Dozens of people came out to Nomad Cider in Summerland in March to see sap turn into sweet syrup tapped from trees on the property.
Roch Fortin, of the Okanagan’s Maple Roch store, was busy boiling the sap and explaining to guests how the sap tapped from a dozen or so sugar maple trees on the property is boiled for days to a certain brick count and then bottled.
After all this work, Maple Roch will only get around 15 litres of the pure Summerland syrup.
“It’s a labour of love and it’s worth it because we can say that we can make pure maple syrup here in Summerland, not just in Quebec or New Brunswick,” Fortin says.
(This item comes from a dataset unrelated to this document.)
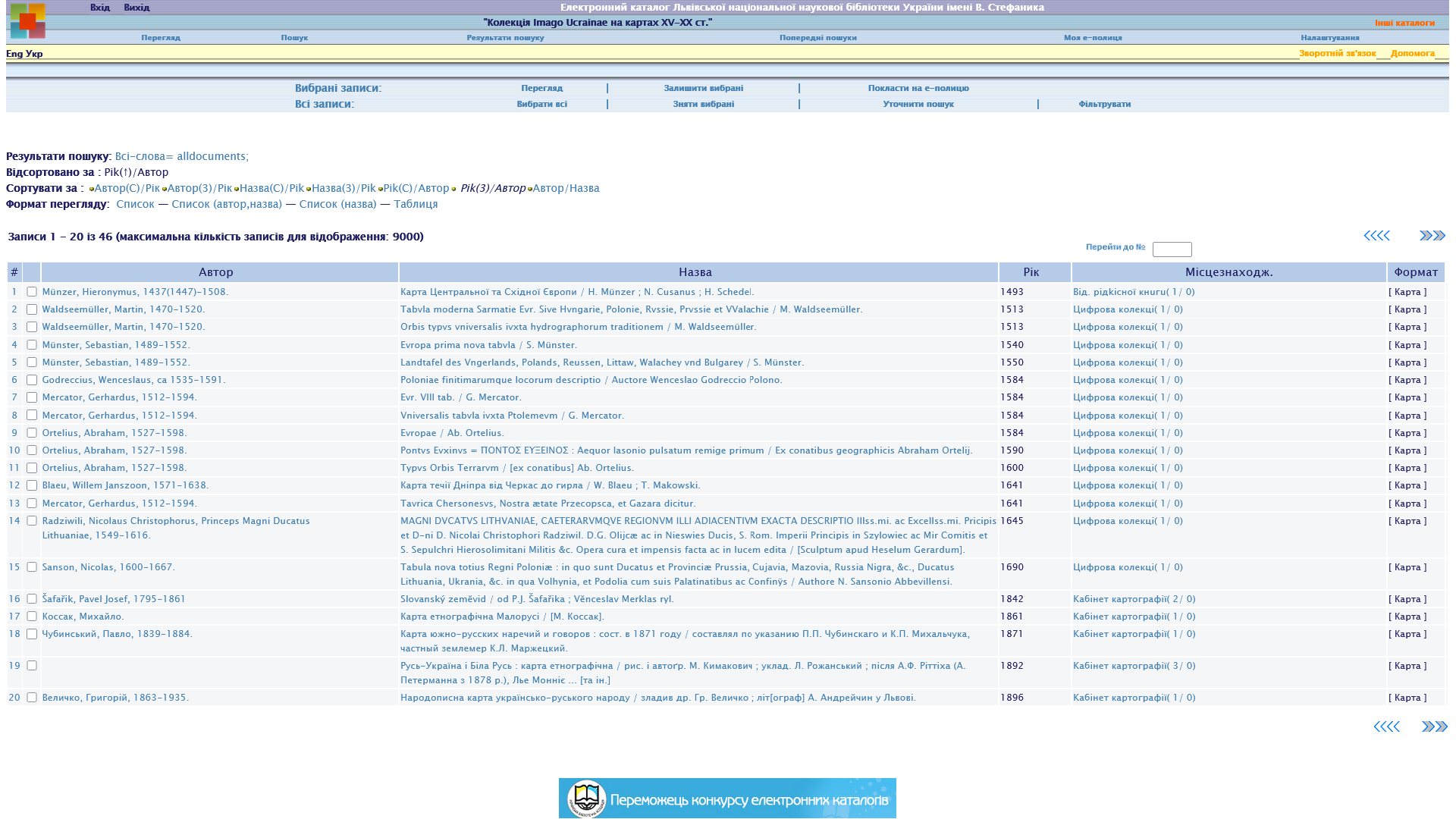 Реєстр картографічних видань і зображення мап із цифрової колекції

The smell of maple was in the air once you got close to the boiling sap.
Fortin was even giving small samples of the sweet stuff to taste.
All locally produced maple products will have a touch of Summerland sweetness in it, including Maple Roch’s popular granola that the Canadian Women’s Olympic soccer team uses to fuel them up for breakfast, Fortin says.
He’s hoping the granola will make its way to the Tokyo Olympics.
Nomad Cider’s maple bourbon was also available for outdoor tasting.
“We wanted to show consumers that we can support local and truly be local, that is why we’re adding a little of local Summerland syrup to things like our maple granola and barbecue sauce,” Fortin says.